Ko Hana Rum: from Grass to Glass
As their name, Kō Hana implies this distillery is rooted in labor (hana), a labor of love for the plant known to Hawai’i as Kō or sugarcane. The unique rums they create and their special attention to processes, pay homage to this plant and reflects a deep appreciation for its esteemed role in Hawaiian culture. They also impress with their commitment to sustainable farming and food production practices collaborating with other local businesses.
Located in the fertile plains of Kunia that lie between the Waianae and Ko’olau mountain ranges of Oahu, The Kō Hana Distillery grows 34 varieties of sugarcane unique to Hawai’i on 35 acres of land. These are cane varietals that evolved in the islands after the ancient Polynesians who settled here brought it as precious cargo on their canoes around 450 AD. Kō was a vital staple used for food, medicine, and ceremonies.
Historically, most rums worldwide are produced from molasses, a byproduct of the processed sugar making industry. However, the cane spirits at Kō Hana are made only from pure fresh sugarcane juice in the French Caribbean tradition where Agricole rum originated. Cane stalks are pressed through a mill in the fields just hours after being hand-harvested with machetes by farmers. Remnants of harvested canes stalks and the fibrous pulp left from the juicing process are left on the ground to provide mulch and compost for the next generation of cane. The resulting juice is hauled across the property to the on-site distillery, where it will be fermented and distilled into their unique brand of Hawaiian Agricole rums.
I didn’t know what “Agricole” meant either, so I had to look that one up. Turns out, it’s French for “agriculture.” Agricole rums are closely tied to the land and known for the purity of the spirit produced, in which it’s said, you can taste the earth due to its clarity of flavor. Herein lies another poetic nod to the roots of their name. When the two words are combined, in Hawaiian, the meaning for Kōhana deepens to reflect the concept of being naked or bare. This is a specific feature of the rums they make. Each batch is produced from a single varietal of heirloom Hawaiian sugarcane and nuances the subtle naked differences of each particular Kō.
Kō Hana: The Experience
So what can you expect from a visit to the Kō Hana Distillery? Rum, of course, but much more. Since all production happens on-site, you can have the full grass to the glass experience with a 30min tour. It starts in a Kō garden next to the facility. Then an insider peek into the distillery and barrel room, finishing in the tasting room to sample the final products. Throughout the experience, you’ll be treated to a crash course in rum production, including harvest, fermentation, distillation, and the art of tasting. The sugarcane varieties are harvested separately to create individual batches, which are then further processed to produce four main categories of rum. Here’s a breakdown:
KEA (“white” in Hawaiian) is their purest expression of rum, distilled and rested in stainless steel containers for 90 days to create this “base spirit.” The only difference between these rums is the type of cane they were produced from, and they usually have 2-3 varieties in rotation at any given time. These are bottled at 80 proof.
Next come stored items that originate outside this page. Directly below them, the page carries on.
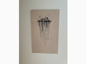 Textiltavla, grafiskt broderad stad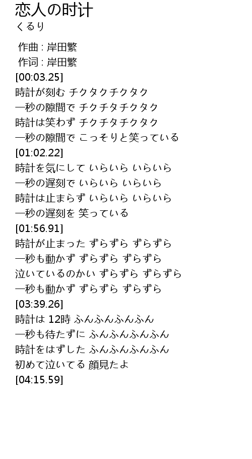| [01:38.91] | 時計は止まらず いらいら いらいら |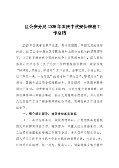 / 【七哥公文】2025年:区公安分局2025年国庆中秋安保维稳工作总结+更多免费公文+VX:QiGeGongWen2024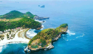Pantai Batu Bengkung terletak di daerah Malang Selatan dan di kenal dengan pasir putihnya yang bersih serta batu karang besar yang menjadi ciri khasnya. - Pantai Tiga Warna
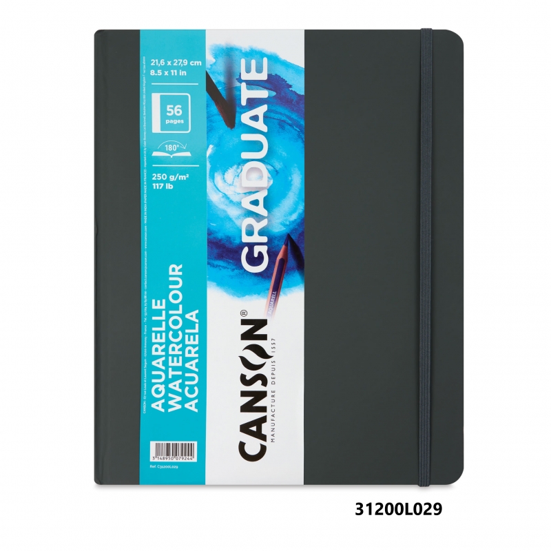 The Canson® Graduate Watercolour notebook has an attractive recycled fibre cover with rounded edges and an elastic fastening. Its 56 pages of heavyweight double-sided white paper (250 g/m²), with a fine, light grain, will give you optimum results.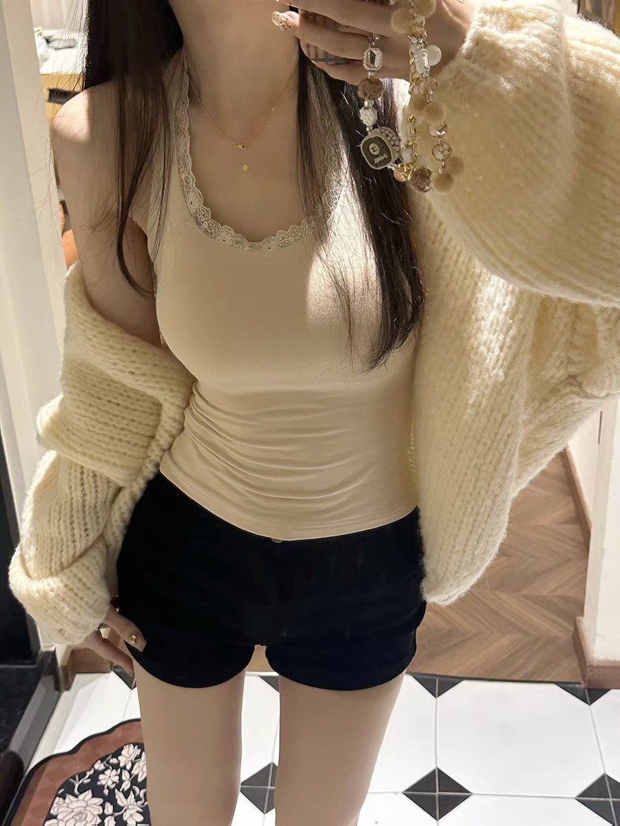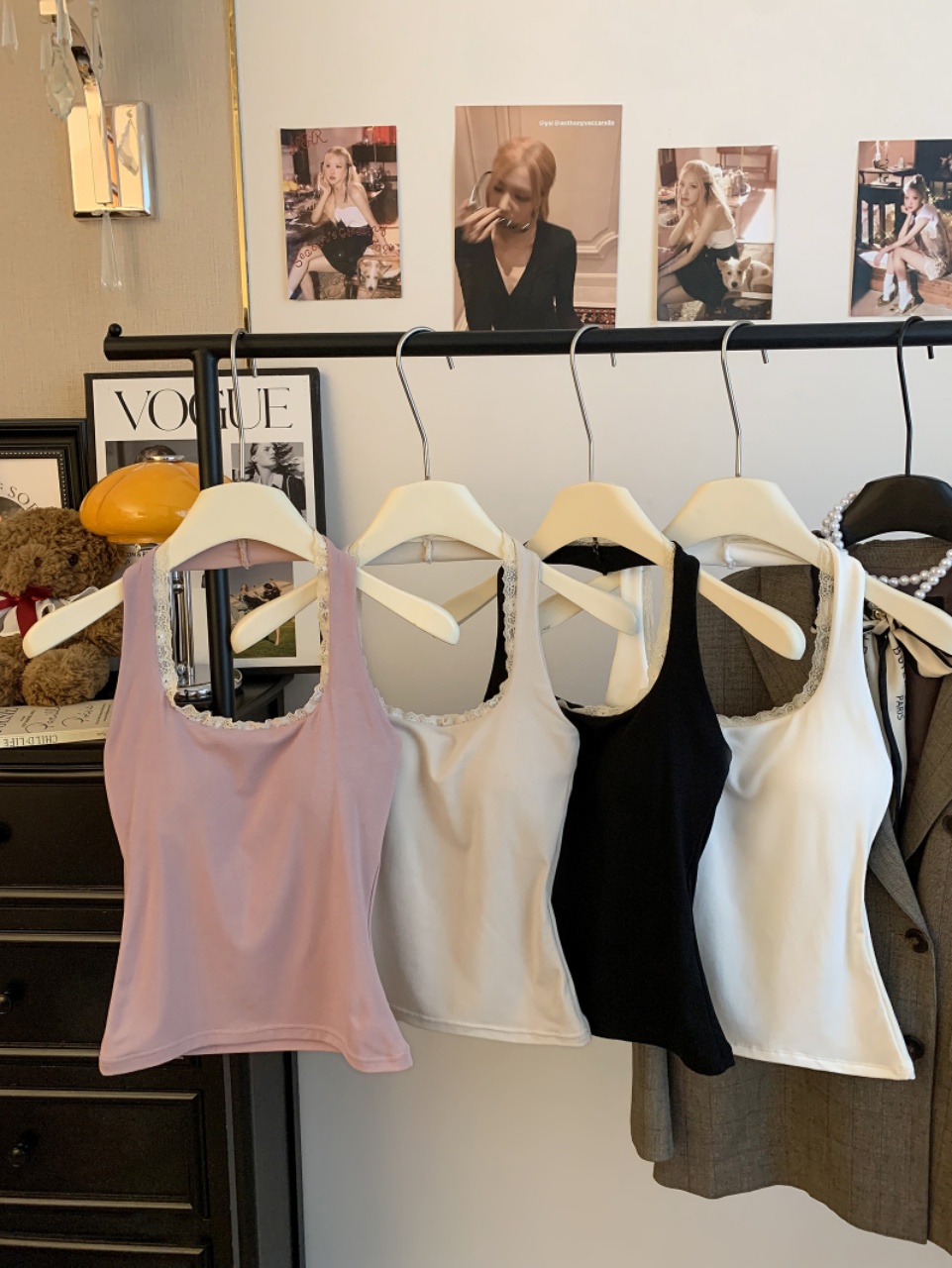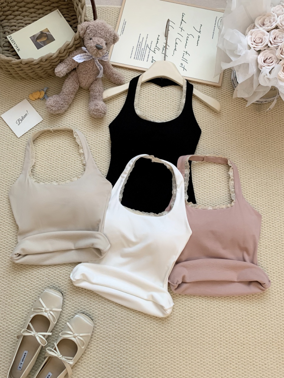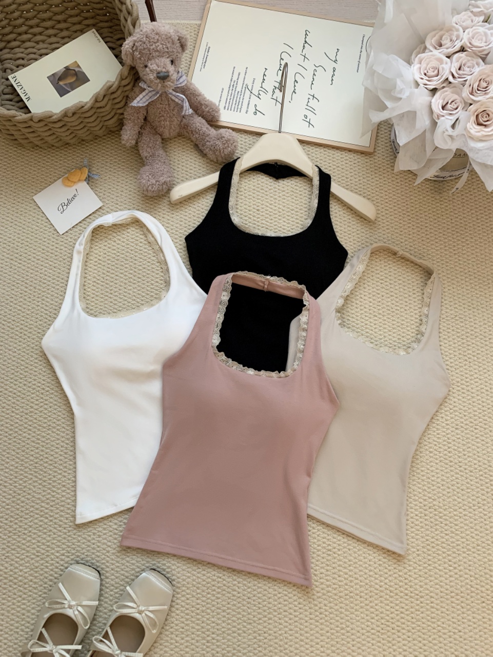 MY15226# 新款掐腰蕾丝花边挂脖吊带背心女纯欲美背上衣带胸垫女裝貨源服裝批發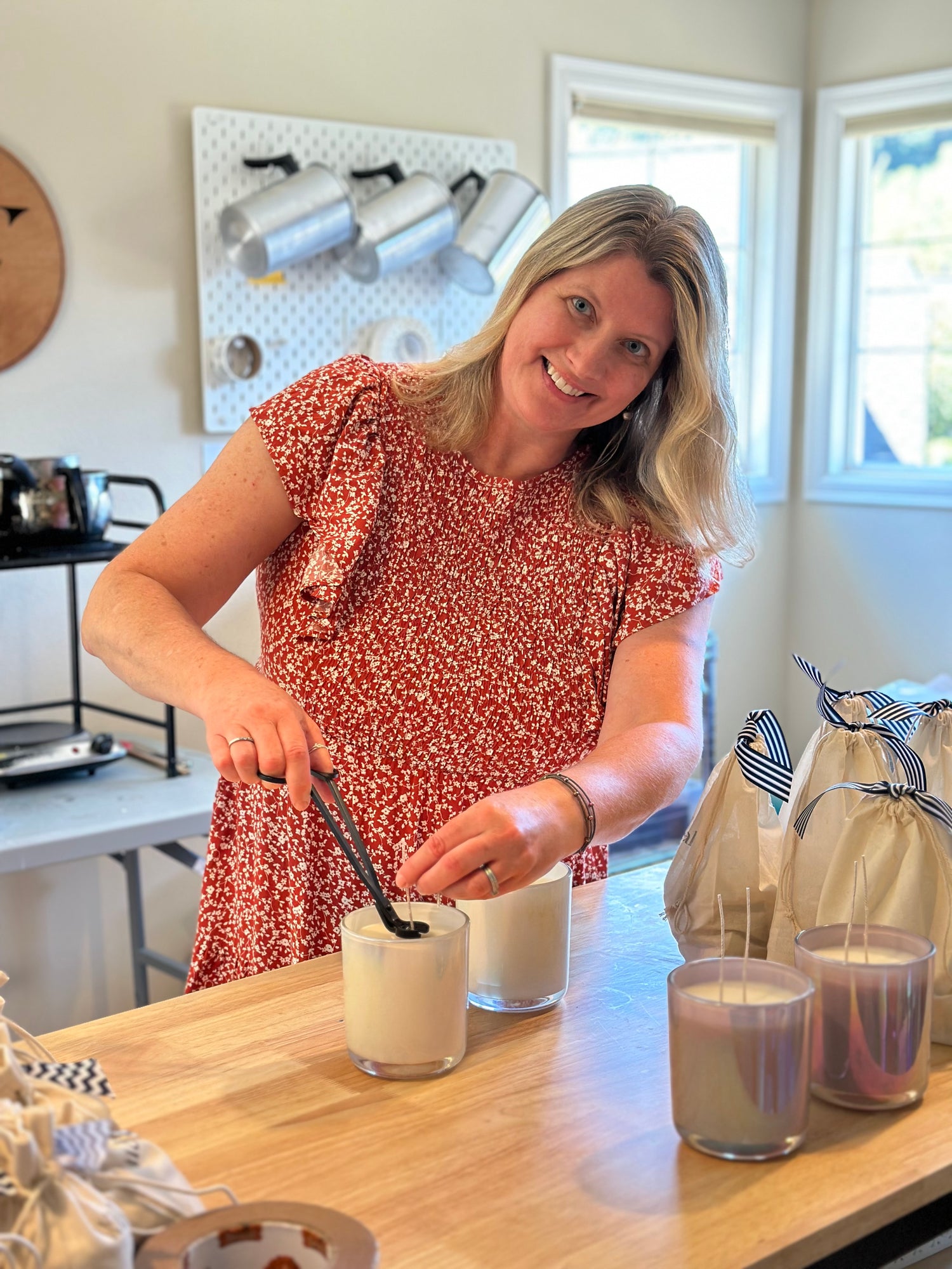 While my candle business is relatively new, I've always sought out ways to be creative. As a little girl, I wrote and illustrated little "books", which I sold to my mom for 25 cents apiece. You were more likely to find me painting, crafting, and exploring outside than playing with toys. As I grew up, I began preserving flowers and making wreaths, a few of which I gave to my bridesmaids before my wedding to my amazing husband, Andy.

KOHO (meaning “select” or “choice” in Hawaiian) This rum is placed in American oak barrels after the initial 90 day resting period. It can then be finished in the barrels or previous spirits from around the world like sherry and bourbon to further develop in taste and color. These are bottled at 90 proof.
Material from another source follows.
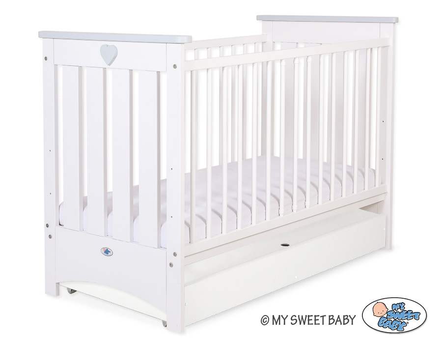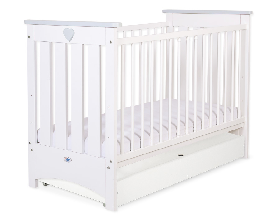 Kleinbaby.nl » Ledikanten 120x60 cm » Ledikanten 120x60cm met lades » Ledikant met Lade Collectie Lorenzo Wit » Ledikant met Lade 120x60 cm - Lorenzo STANDARD Wit Grijs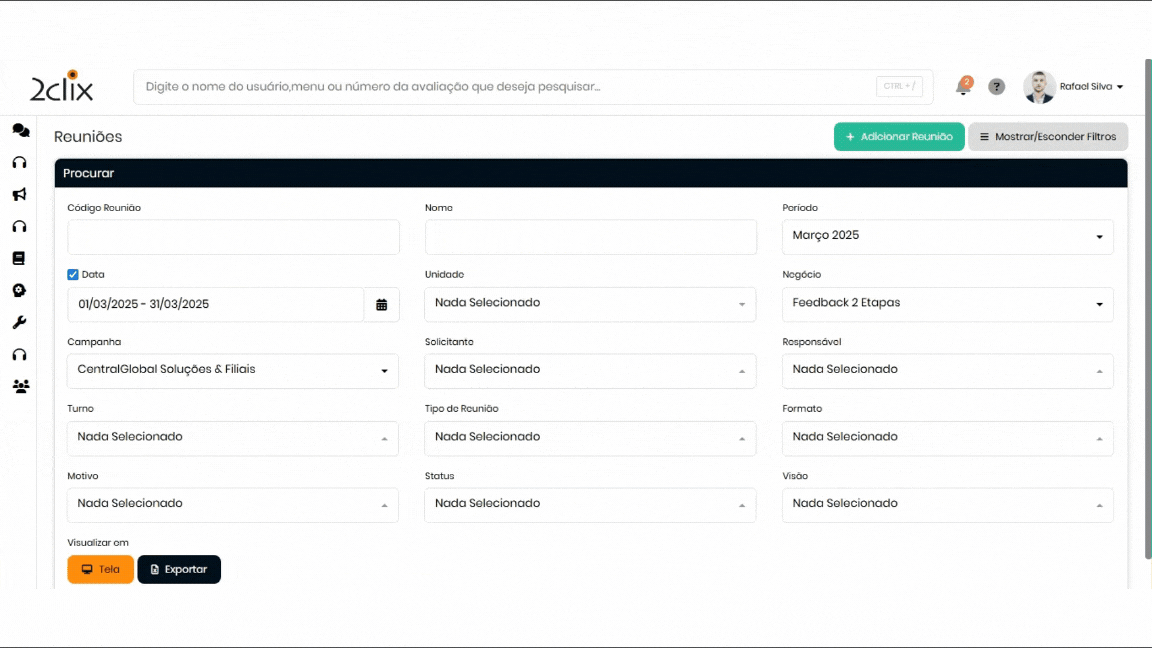 - Realize o filtro desejado e clique sobre a reunião correspondente.

KOA (“strength” in Hawaiian) is cask strength rum that aged exceptionally well and is bottled as is. Koa is recommended for connoisseurs since this one isn’t proofed down to tame any of the flavors. The alcohol content will vary slightly, putting the range on this one between 110 – 125 proof.
KOKOLEKA – (“chocolate” in Hawaiian) is a decadent chocolate/honey liquor made from a collaboration with other local food producers. They start with their base spirit white rum and then steep cacao nibs inside for two weeks. Next, they infuse it with locally sourced honey (from Manoa Honey in Wahiawa) for another two weeks. The resulting liquor is heavenly, but it doesn’t stop there! The rum-soaked cacao nibs are then sent back to Manoa Chocolates, where they’re used to make a specialty line of chocolate bars just for Kō Hana Distillery. Of course, you can get some of these on-site too, as well as local rum infused honey and rum cakes, yum!
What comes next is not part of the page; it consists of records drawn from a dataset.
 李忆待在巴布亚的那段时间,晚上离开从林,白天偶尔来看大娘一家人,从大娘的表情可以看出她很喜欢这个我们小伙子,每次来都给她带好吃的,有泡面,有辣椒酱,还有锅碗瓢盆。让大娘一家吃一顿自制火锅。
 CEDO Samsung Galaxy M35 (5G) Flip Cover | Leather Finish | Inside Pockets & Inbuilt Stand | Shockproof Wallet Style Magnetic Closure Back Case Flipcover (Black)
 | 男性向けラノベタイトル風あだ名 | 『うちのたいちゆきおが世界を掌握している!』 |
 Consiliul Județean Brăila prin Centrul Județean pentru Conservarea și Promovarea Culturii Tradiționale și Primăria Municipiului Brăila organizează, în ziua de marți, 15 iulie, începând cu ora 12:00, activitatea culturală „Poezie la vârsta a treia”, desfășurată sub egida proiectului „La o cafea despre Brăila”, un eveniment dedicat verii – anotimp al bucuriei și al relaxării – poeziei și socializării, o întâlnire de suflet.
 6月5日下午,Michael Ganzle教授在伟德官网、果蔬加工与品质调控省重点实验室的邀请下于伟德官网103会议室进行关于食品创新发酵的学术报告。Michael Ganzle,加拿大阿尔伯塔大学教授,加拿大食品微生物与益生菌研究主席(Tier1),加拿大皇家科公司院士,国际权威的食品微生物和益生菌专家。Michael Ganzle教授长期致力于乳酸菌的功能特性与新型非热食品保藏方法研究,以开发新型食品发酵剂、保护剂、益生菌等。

Not into rum? Don’t worry; there’s something for everyone, including fresh pressed cane juice straight from the stalk and kids on the tours are treated to gelato. There’s also a wood-fired pizza oven so you can enjoy the relaxed atmosphere and fill your stomach too. They’re open 7 days a week 10 am – 6 pm with tours every half-hour till 4:30 pm.
To finish, I really just can’t say it any better than Jennifer Fielder of Punch Magazine, on the Kō Hana Distillery: “Offering a fresh vision what ‘Made in Hawai’i’ could mean.”